In Him you were also circumcised with a circumcision made without hands, in the removal of the body of the flesh [the part of us that wants to do things through our own power, independent from God] by the circumcision of Christ; (Col 2:11)

Paul made 87 references to the flesh, some physical, but most symbolic of living by our own desires rather than God’s. He described living by the impulse of our self-centered, bodily desires as living by the flesh or living in the flesh.

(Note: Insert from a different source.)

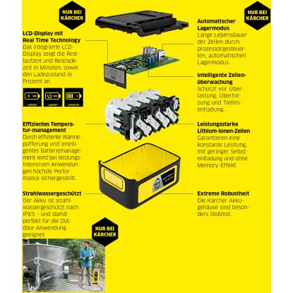 Cechą wyjątkową tej unikalnej platformy jest jej uniwersalność: akumulatory są kompatybilne ze wszystkimi urządzeniami Kärcher tej samej klasy napięcia, bez względu na to, czy należą do serii Home & Garden, czy Professional. Dzięki temu posiadając kilka urządzeń zasilanych tymi bateriami możemy zamiennie używać baterii, gdyż będą one pasowały do każdej z posiadanych przez nas maszyn. Unikalną zaletą wszystkich akumulatorów Kärcher jest wyświetlacz LCD z technologią czasu rzeczywistego, który oprócz pozostałej pojemności akumulatora dokładnie wyświetla pozostały czas pracy i czas ładowania w minutach. Poza tym wyświetlane są na nim ewentualne komunikaty o błędach. Obudowa akumulatorów jest bardzo odporna na wstrząsy i chroniona przed kurzem i rozpyloną wodą zgodnie z klasą ochrony IPX5. Dzięki wydajnemu zarządzaniu temperaturą akumulatory zapewniają również optymalną wydajność w intensywnych zastosowaniach, inteligentne monitorowanie ogniw chroni przed przeładowaniem, przegrzaniem i głębokim rozładowaniem. Jeśli akumulator nie będzie eksploatowany przez dłuższy czas o jego żywotność zadba kontrolowany przez procesor moduł automatycznego przechowywania. Ogniwa charakteryzują się niskim poziomem samorozładowania i brakiem efektu pamięciowego.

For those who are living according to the flesh set their minds on the things of the flesh, but those who are living according to the Spirit, the things of the Spirit. For the mind set on the flesh is death, but the mind set on the Spirit is life and peace, because the mind set on the flesh is hostile toward God; for it does not subject itself to the law of God, for it is not even able to do so, and those who are living in the flesh cannot please God. (Rom 8:5-8)

Why can’t we please Him? We are not honoring Him as God.

This is the battlefield of our life. As believers we fight these same wars daily within our soul. Will we give in to the body of flesh and its desires to reject God’s plan or yield to the spirit and agree God’s way is best? Your will will attach to one or the other. Your life will follow the one you are tied to.

1.       What we believe, we do. All else is religious talk.
2.      Faith is seen in our obedience.
3.      Our choices reflect what we believe.
4.      Even righteous people can make wrong decisions.
5.      By yielding to our spirit and not our flesh, we can make good and godly choices.